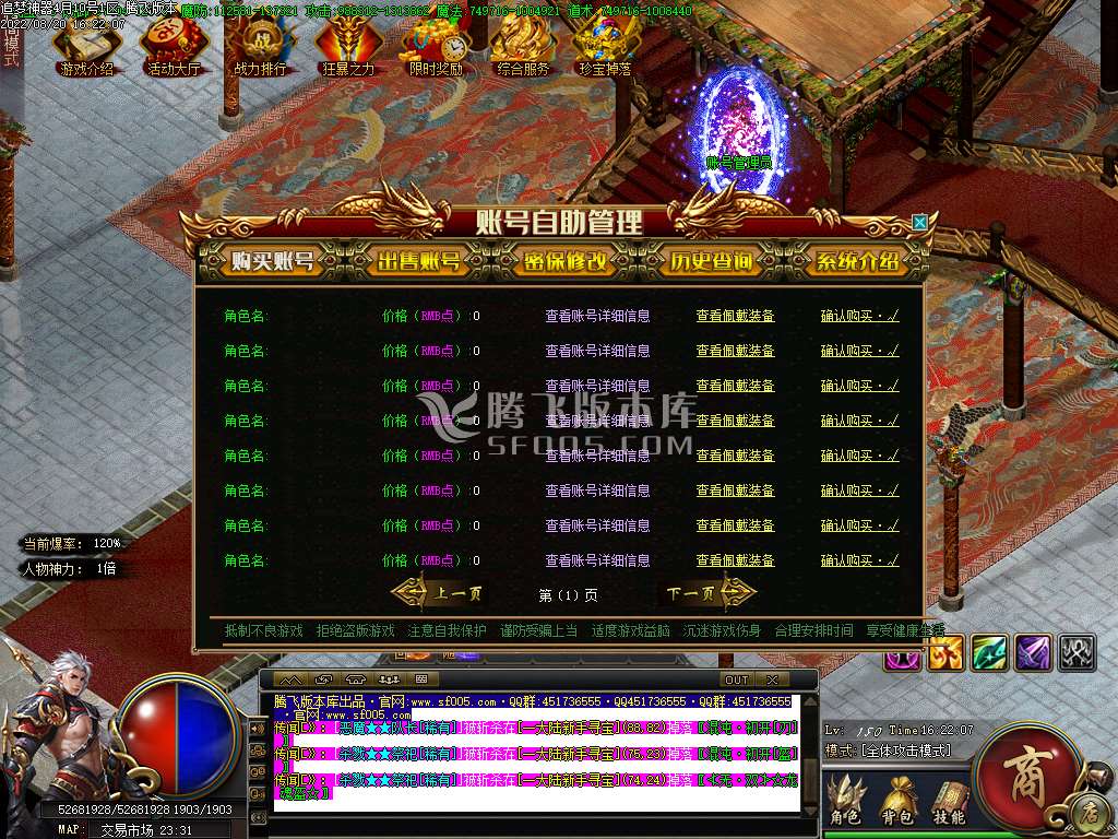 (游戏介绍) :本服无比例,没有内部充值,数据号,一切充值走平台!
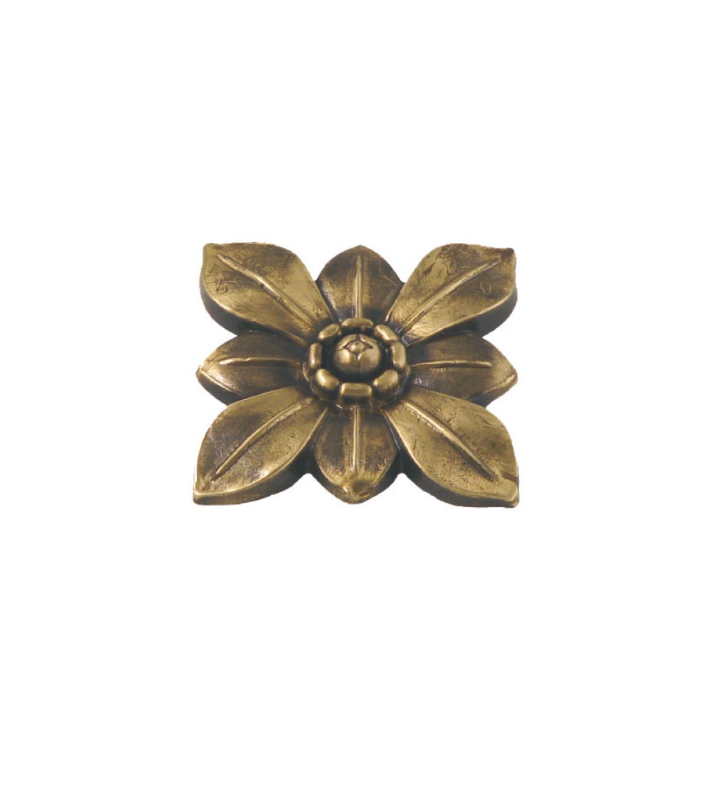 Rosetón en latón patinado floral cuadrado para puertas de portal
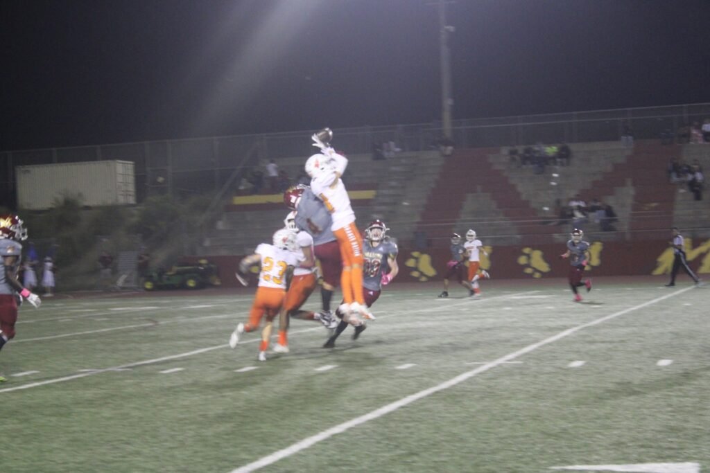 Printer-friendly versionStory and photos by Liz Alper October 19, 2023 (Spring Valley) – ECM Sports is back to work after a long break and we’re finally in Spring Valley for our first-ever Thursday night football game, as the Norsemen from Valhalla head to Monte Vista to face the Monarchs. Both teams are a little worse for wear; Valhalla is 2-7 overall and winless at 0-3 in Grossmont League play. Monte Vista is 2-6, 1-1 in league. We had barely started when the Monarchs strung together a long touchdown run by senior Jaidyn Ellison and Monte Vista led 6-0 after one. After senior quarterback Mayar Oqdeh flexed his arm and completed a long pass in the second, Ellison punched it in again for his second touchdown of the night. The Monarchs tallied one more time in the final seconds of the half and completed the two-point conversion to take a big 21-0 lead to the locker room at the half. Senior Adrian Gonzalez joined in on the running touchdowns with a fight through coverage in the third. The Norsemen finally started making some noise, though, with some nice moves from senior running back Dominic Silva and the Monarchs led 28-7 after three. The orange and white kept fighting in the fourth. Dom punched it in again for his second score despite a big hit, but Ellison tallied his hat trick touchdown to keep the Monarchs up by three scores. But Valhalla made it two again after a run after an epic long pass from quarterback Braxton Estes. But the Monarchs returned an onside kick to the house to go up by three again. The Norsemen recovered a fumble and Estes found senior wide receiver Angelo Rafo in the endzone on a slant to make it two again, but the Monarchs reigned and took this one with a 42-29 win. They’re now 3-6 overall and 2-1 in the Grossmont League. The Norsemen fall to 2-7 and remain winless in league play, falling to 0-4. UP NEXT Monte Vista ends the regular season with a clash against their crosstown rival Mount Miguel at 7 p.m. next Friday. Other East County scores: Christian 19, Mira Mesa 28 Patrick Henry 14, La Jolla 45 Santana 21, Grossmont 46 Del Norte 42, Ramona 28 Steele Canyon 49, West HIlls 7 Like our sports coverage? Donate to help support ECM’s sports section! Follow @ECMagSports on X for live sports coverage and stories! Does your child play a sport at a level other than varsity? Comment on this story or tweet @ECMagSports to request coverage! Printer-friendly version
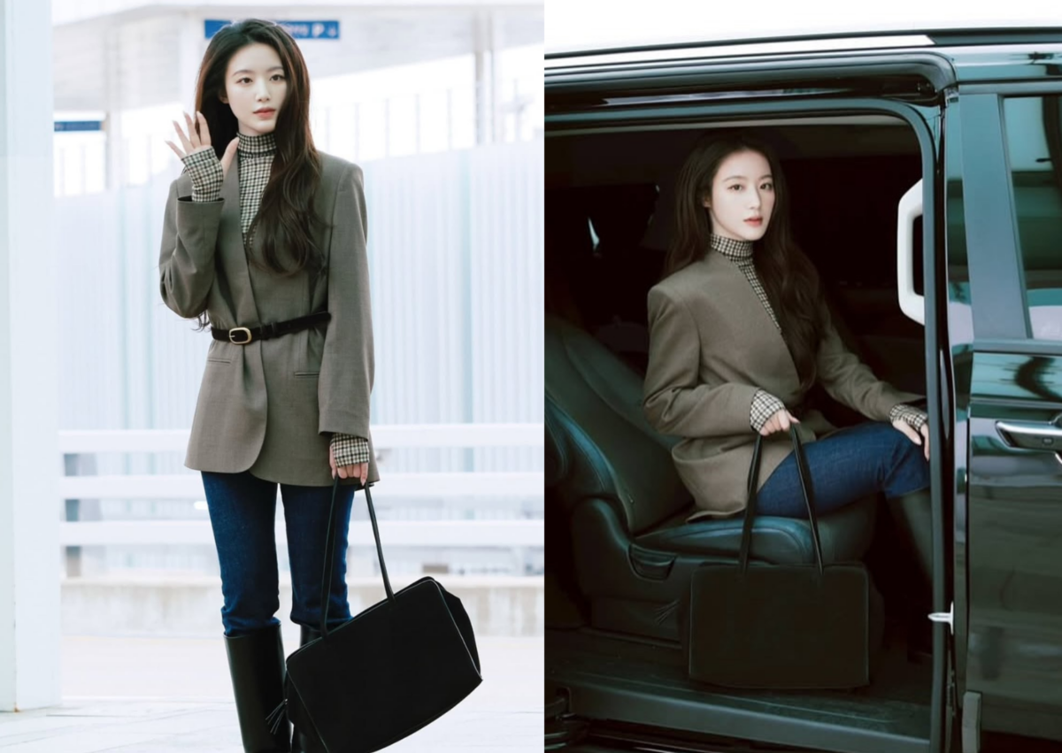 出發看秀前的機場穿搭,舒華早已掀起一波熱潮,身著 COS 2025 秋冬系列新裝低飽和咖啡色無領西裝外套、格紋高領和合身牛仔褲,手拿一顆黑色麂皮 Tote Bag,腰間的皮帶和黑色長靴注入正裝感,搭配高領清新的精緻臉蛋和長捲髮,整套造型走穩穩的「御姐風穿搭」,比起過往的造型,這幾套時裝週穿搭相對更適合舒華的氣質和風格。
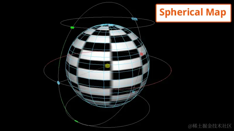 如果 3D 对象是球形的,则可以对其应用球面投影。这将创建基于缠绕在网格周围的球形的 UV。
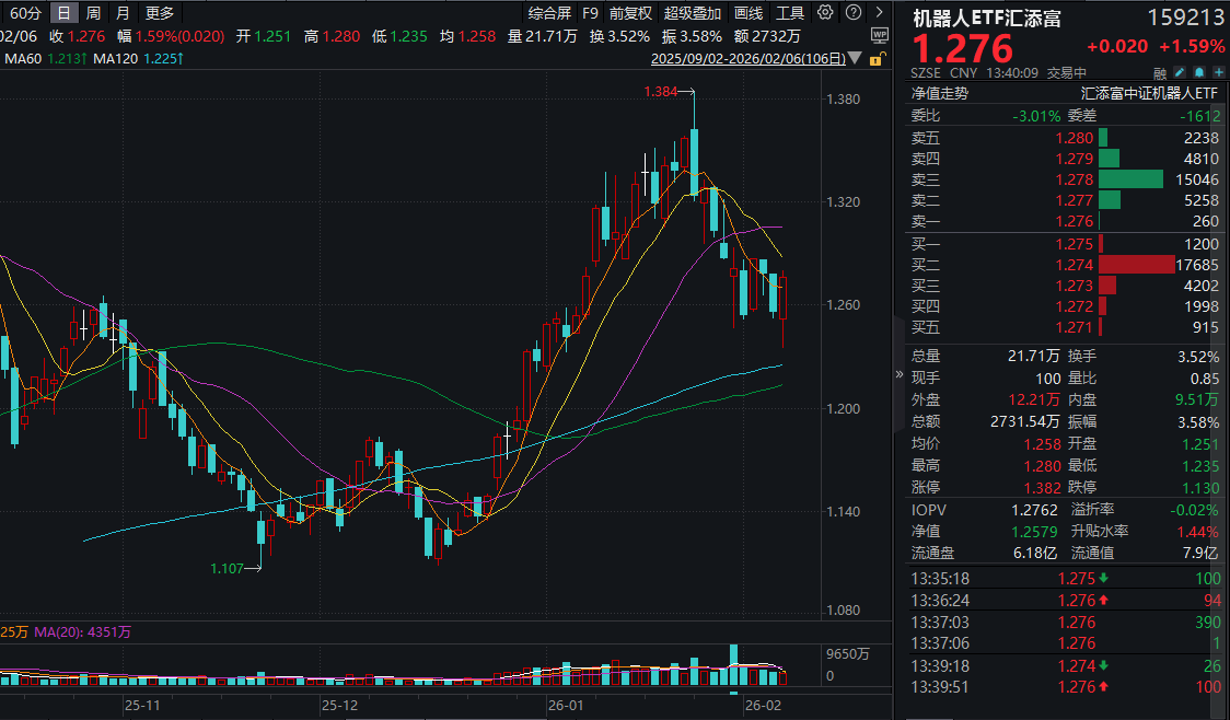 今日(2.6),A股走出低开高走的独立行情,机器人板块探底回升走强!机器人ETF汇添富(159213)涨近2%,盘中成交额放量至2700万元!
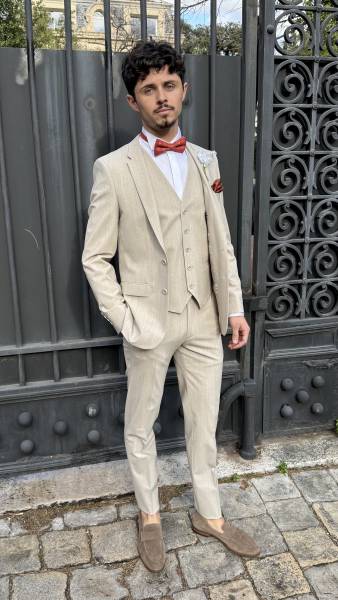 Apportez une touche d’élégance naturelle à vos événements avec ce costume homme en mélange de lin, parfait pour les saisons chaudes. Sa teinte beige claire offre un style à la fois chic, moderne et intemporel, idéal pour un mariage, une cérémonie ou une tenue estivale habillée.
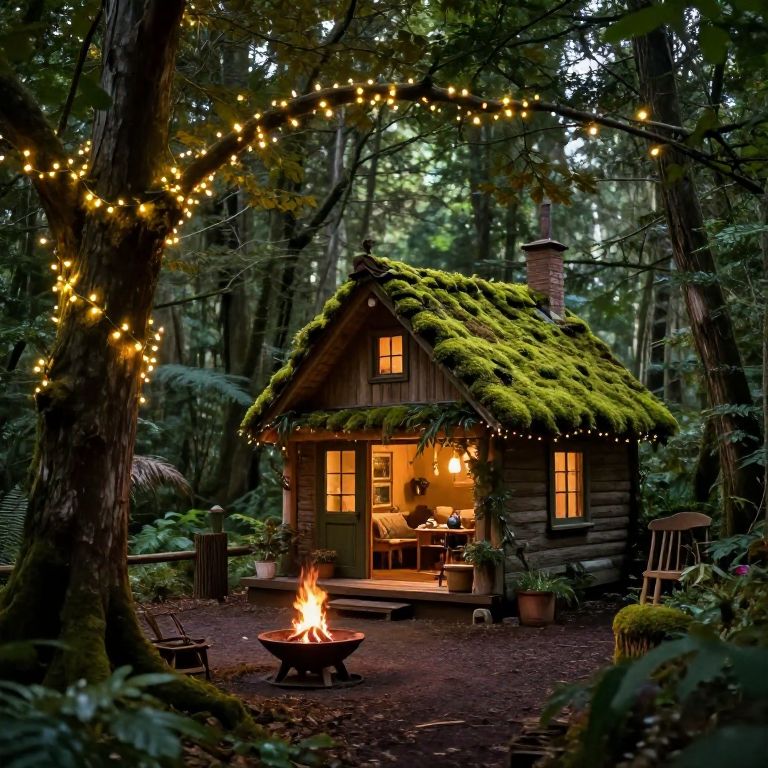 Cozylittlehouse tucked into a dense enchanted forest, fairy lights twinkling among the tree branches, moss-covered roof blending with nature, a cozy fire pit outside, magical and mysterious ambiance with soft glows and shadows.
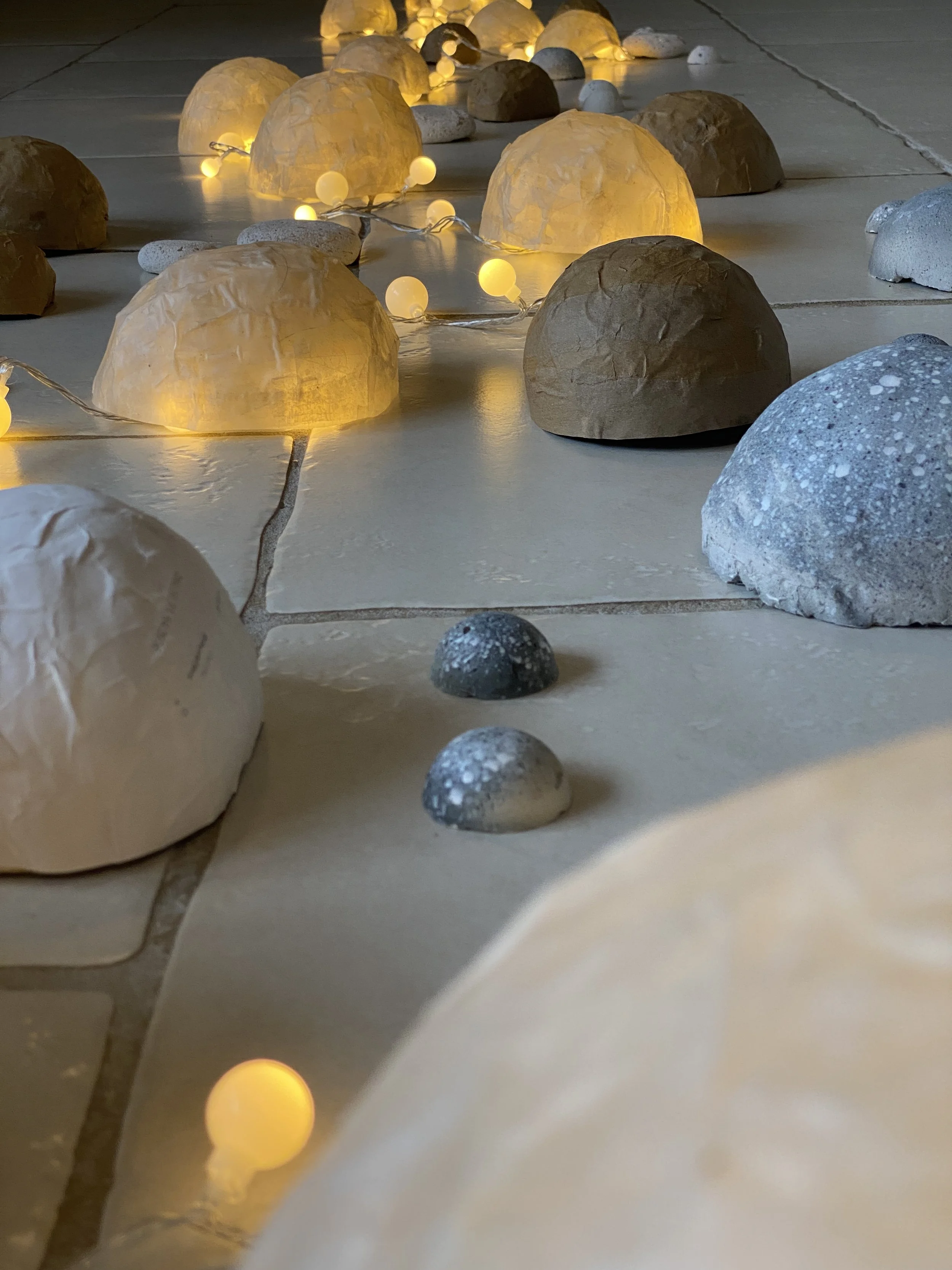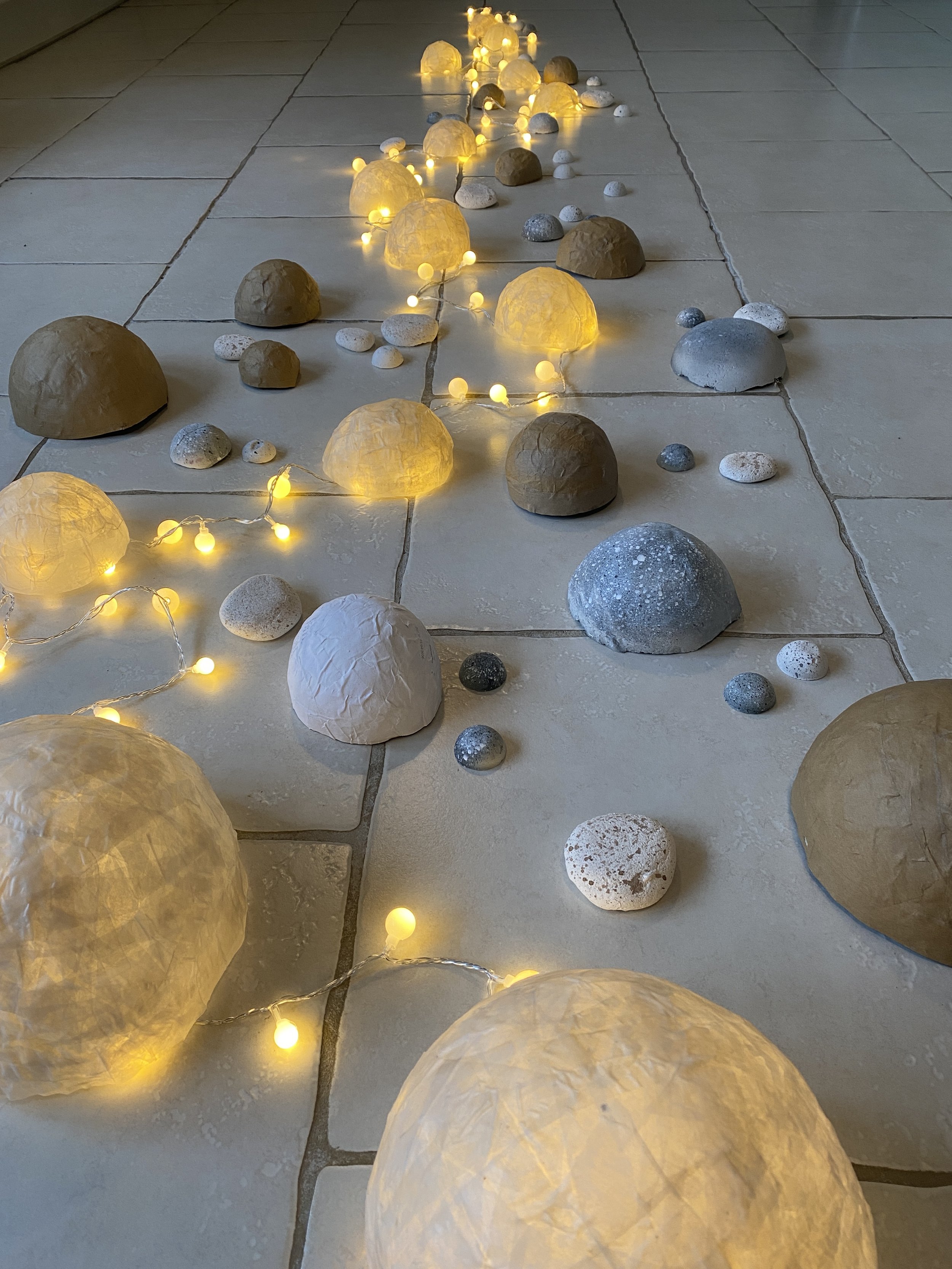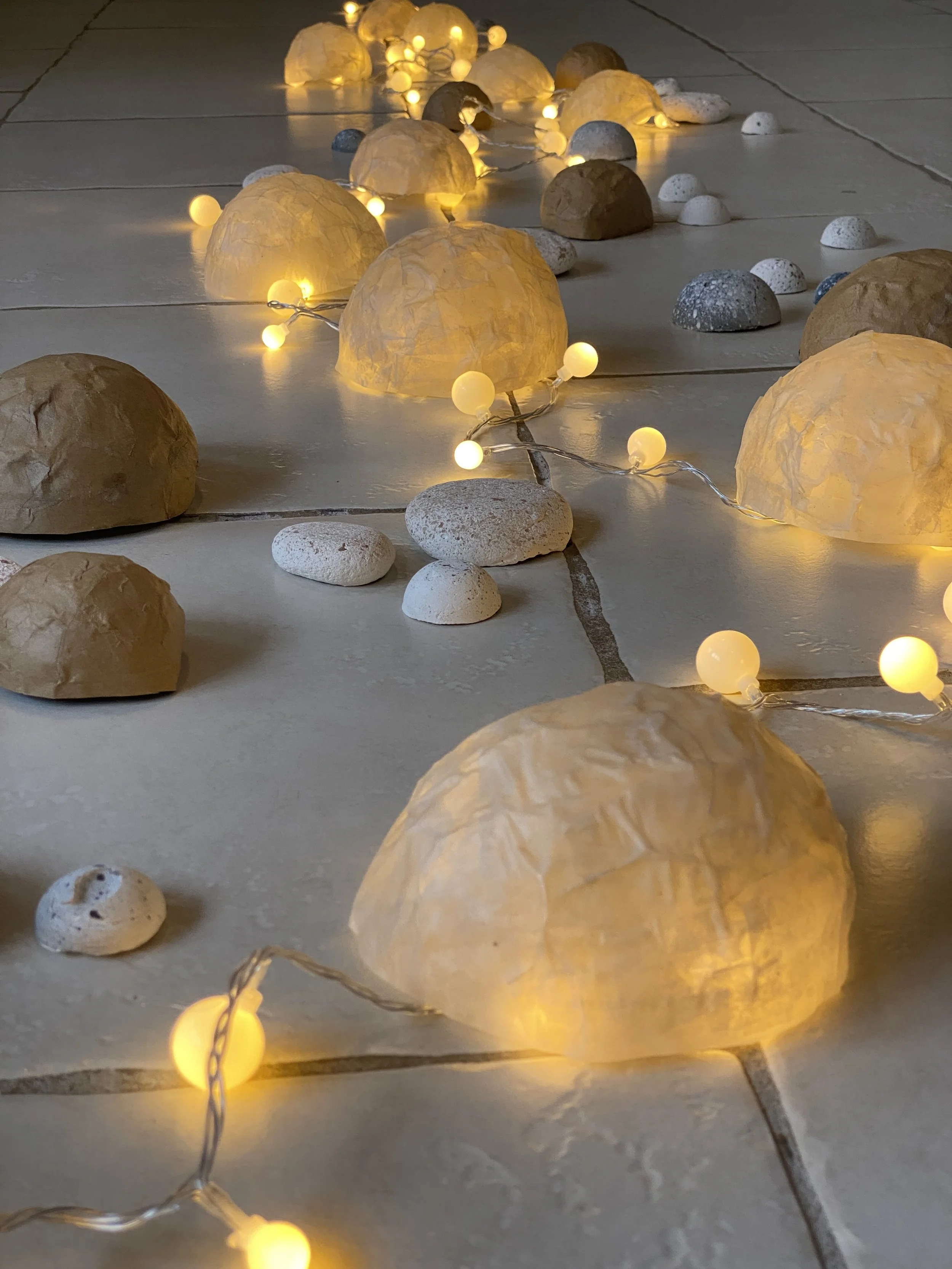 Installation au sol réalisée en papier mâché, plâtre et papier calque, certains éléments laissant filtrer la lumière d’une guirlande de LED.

- - - -

### EXERCISE
Out of the records above, set down only the lines from the one that contains "今日(2.6),A股走出低开" through the one that contains "Apportez une touche", unchanged and without the pictures.

### TASK SOLUTION
 今日(2.6),A股走出低开高走的独立行情,机器人板块探底回升走强!机器人ETF汇添富(159213)涨近2%,盘中成交额放量至2700万元!
 Apportez une touche d’élégance naturelle à vos événements avec ce costume homme en mélange de lin, parfait pour les saisons chaudes. Sa teinte beige claire offre un style à la fois chic, moderne et intemporel, idéal pour un mariage, une cérémonie ou une tenue estivale habillée.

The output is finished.